Brendan Warn - Jefferies & Company, Inc., Research Division

Can I just confirm on that, though, in terms of going into 2014 that we're below what would be an extrapolation of a 6% CAGR from 2005?

Frank Joseph Chapman

We -- I'm not sure about that. I mean, if we look at our plan, the former plan for 2013, then relative to that plan, we will miss next year about 30,000 barrels a day from the U.K.-- this is Elgin/Franklin and Jasmine -- due to the deferral of the tie-in, the extended allowance, if you like, for the subsea tie-ins in Brazil that will account for another 20,000 BOE per day that shifted backwards. Scaling back in the U.S. will be 15,000 to 20,000 BOE per day, that will remain out of the mix because we're not, unless gas prices change significantly, planning to restore that. And the Egypt effect is about 30,000 barrels a day. So of those, the key deferrals being Elgin/Franklin and Sapinhoá and Lula Northeast FPSOs will give you some idea of how those will feed through into 2014.

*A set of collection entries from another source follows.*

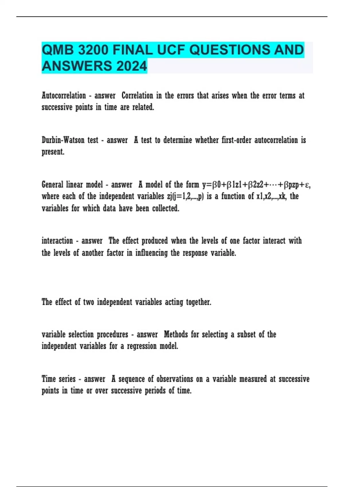 qmb 3200 final ucf questions and answers
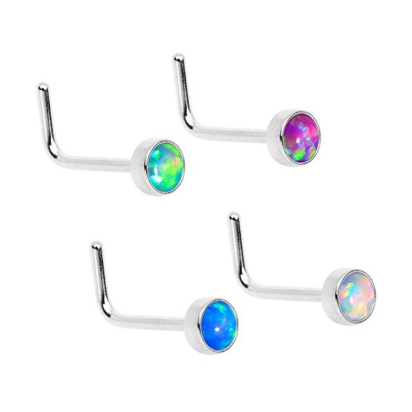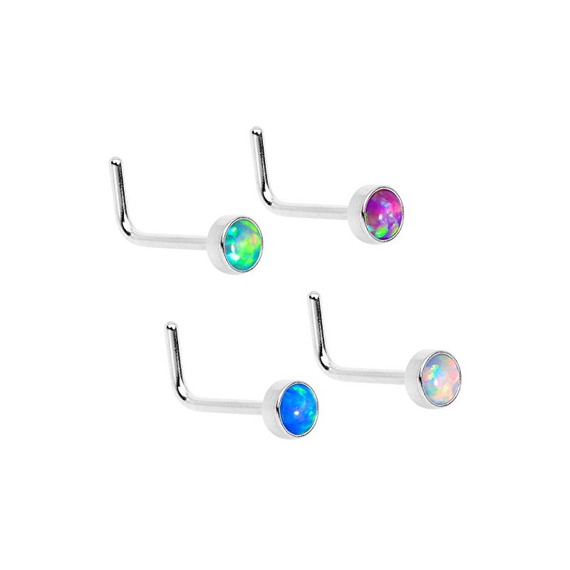 Body Candy Steel Multi 3mm Synthetic Opal Press Fit L Shaped Nose Ring 4 Pack 20 Gauge 1/4"
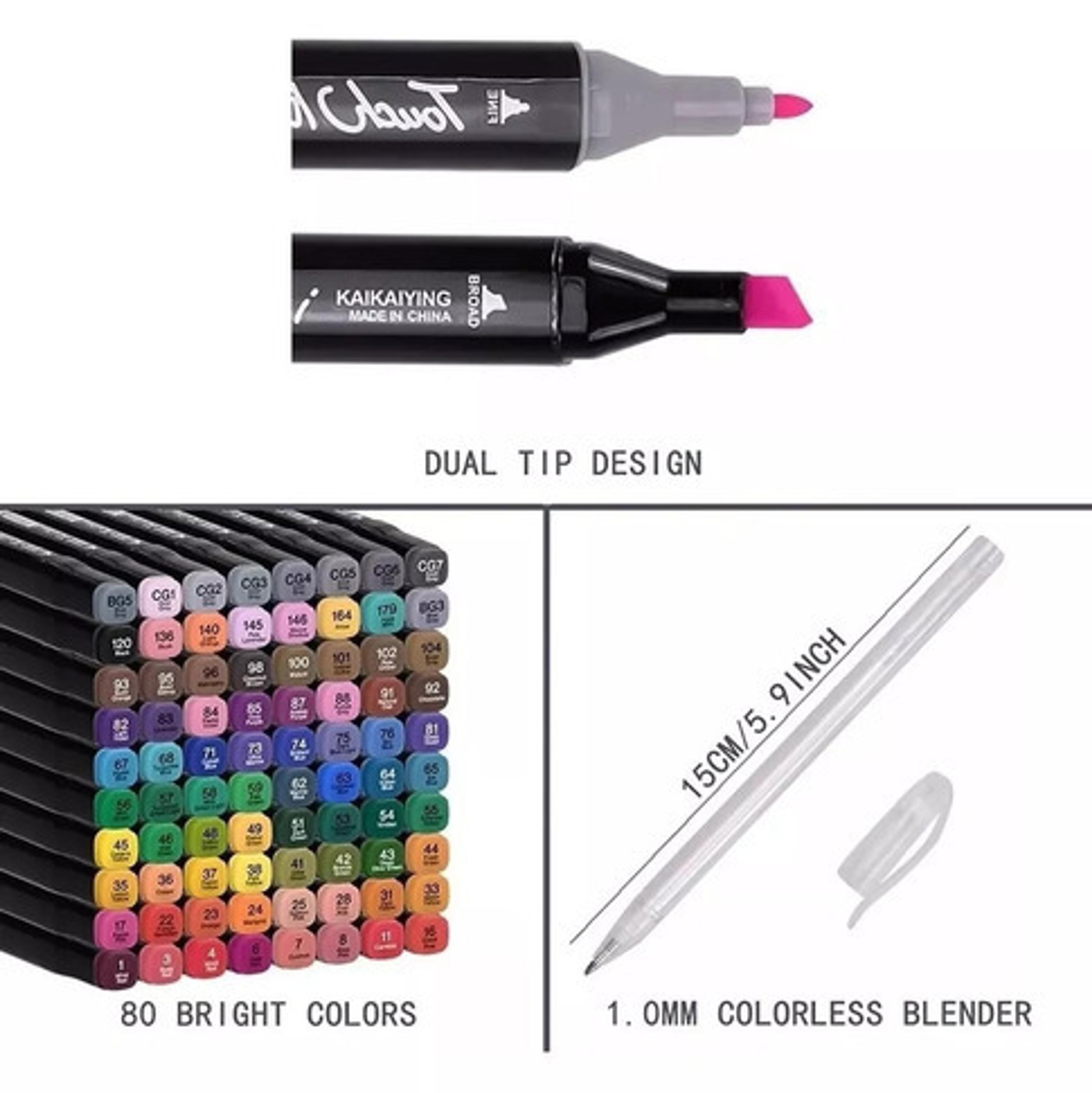 Set 80 Marcadores De Alcohol Plumones Lapices Marcadores De Colores Plumon Doble Punta Permanentes
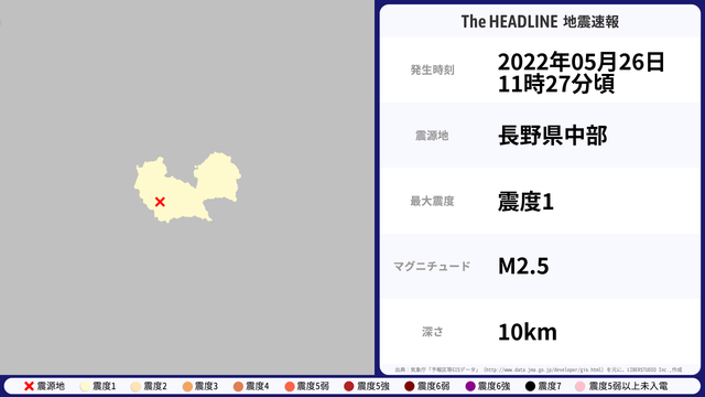 05月26日11時27分頃、長野県中部を震源とするマグニチュード2.5の地震が観測された。最大震度1を観測したのは、長野県。
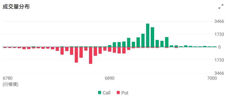今日到期的 $标普500指数 (.SPX.US)$ 期权成交量分布:Call单与Put单分布存在分歧,Put单峰值在6870点,Call单峰值在6930点。
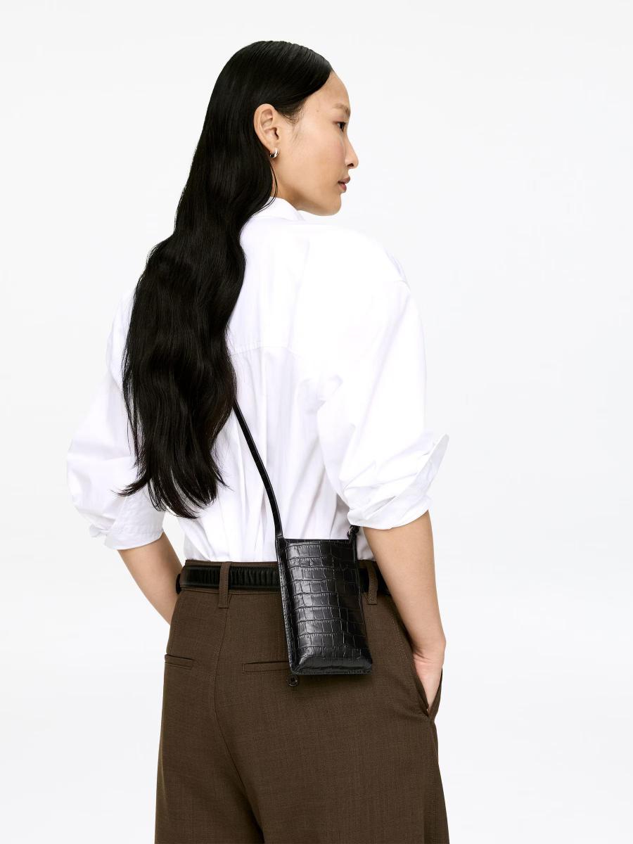 Phone case crafted from leather with an embossed croco pattern.. Styled with a slim adjustable shoulder strap. Width 10.5 cm, length 17 cm.ARKET/Women's clothes/Women's new arrivals/Women's new arrivals – Shoes and accessories

Brendan Warn - Jefferies & Company, Inc., Research Division

Okay. And on Australia, are you still in discussions with anyone?

Frank Joseph Chapman

Yes, Brendan, I won't be speculating with you on the phone about equity sales.

Brendan Warn - Jefferies & Company, Inc., Research Division

Okay. Well, just last question on Australia then. Obviously, a lot of -- with a lot of people modeling start-up of LNG in 2014, when do you actually start to see earnings coming through or cash flow coming through from Australia? Is it well into 2015?

Frank Joseph Chapman

We'll start up in 2014 with our first cargoes and where we'll see earnings from 2014.

Brendan Warn - Jefferies & Company, Inc., Research Division

Fourth quarter?

Frank Joseph Chapman

I mean -- no, we're not getting any more cute than that. We've said from the very beginning 2014 and we'll be in 2014. And I would say at this stage that I'm very content with the fact that the results of recent tendering exercises in the upstream have confirmed -- reconfirmed for us our capital estimates with adequate contingency and reserve. We've now got 90% of those contracts in place, about just a little less than half of the work is done. And right across the project from drilling, where you heard that we've now drilled 1,000 wells through the infield infrastructure, through the pipeline, the Narrows Crossing, which is going now, it's no longer on the critical path, it's going ahead of schedule, and the LNG plant itself, this is all making first-class progress.

Operator

Our next question comes from the line of Jason Gammel from Macquarie.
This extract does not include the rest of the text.